2019年12月10日付『日本経済新聞』朝刊の一面は、大きな話題を呼んだ。「価格が映す日本の停滞 ディズニーやダイソーが世界最安値」という見出しを立て、他の世界都市に比べ、いかに日本のモノやサービスなどの価格が安いかを強調した。
「もっと価格を上げるべき」という声も多く聞こえるなか、安い物価がもたらすメリットについてはあまり論じられていない。そこで、本稿では、渡邉哲也氏の新著『世界と日本経済大予測2020』 (PHP研究所)より、物価安とインバウンド需要の関係性と、日本経済への影響について述べる。
一時期に比べ、インバウンド需要の拡大傾向が鈍っている。その一因は、日本を訪れる韓国人旅行者の減少にある。
韓国については、2019年7月に日本政府がフッ化水素、レジスト、フッ化ポリイミドの3種類の半導体やディスプレイの材料について輸出管理を強化。
8月には輸出規制における優遇措置を取る国(ホワイト国)から韓国を除外したことで、韓国国内には日本への旅行をボイコットする動きが生じた。
その影響はすぐに現れ、2019年7月は韓国人旅行客が前年同月比7.6%減となり、8月は48.0%減、9月にはじつに58.1%減を記録。2020年に訪日外国人年間4000万人を目指す日本には痛い打撃となった。
もっとも訪日外国人数はトータルでは増加しており、2019年9月末現在で前年比4%増。韓国人旅行客の減少は、韓国依存度の高い一部地域以外ではさほど大きくない。
その一方で欧米諸国からの訪日外国人が増えているというように、客筋が変わりつつある。

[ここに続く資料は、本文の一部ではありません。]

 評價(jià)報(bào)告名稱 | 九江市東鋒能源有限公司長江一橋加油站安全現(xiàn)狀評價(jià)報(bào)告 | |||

とくに中国からの観光客は9月末までで740万人余を記録し前年比14.8%増。2018年は838万人だったが、このペースが続けば962万人に達し、状況によっては1000万人の大台を超える可能性がある。
観光庁が2019年10月16日に発表したリリース「【訪日外国人消費動向調査】2019年7〜9月期の全国調査結果(1次速報)の概要」によれば、2019年7〜9月の訪日外国人旅行消費額は、前年同期比9.0%増の1兆2000億円を記録。

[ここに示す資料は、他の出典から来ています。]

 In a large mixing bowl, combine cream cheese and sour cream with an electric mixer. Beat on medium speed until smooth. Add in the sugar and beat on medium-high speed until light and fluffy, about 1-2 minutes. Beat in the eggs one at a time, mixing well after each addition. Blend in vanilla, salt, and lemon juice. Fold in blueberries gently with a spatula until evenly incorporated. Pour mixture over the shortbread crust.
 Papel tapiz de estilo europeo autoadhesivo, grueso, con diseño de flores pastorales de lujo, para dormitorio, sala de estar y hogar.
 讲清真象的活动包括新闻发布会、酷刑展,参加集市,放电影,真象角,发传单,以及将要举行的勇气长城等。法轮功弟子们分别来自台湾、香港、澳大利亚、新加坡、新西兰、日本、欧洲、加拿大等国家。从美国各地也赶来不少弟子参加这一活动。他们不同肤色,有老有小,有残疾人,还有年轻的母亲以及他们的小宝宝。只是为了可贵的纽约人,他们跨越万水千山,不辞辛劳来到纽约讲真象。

過去最高を記録した同年4~6月の1兆2810億円(前年同期比13.0%増)には及ばなかったものの、引き続き高い数値を記録した。
同期の外国人1人当たり旅行支出が最も多い国はフランスで25万2117円、スペインが22万7362円で第2位。中国も20万9168円と上位を占める一方、韓国は8万5421円と際立って低い。
韓国からは、2019年4~6月に177万1000人が日本を訪問している。人数は多いとはいえ、もともと日本にお金を落とさない韓国人旅行者よりも、「上顧客」である欧米諸国や中国、あるいはASEAN諸国や台湾などの親日国からの訪日外国人をもっと大切にしたほうがいい。データはこの点を如実に示している。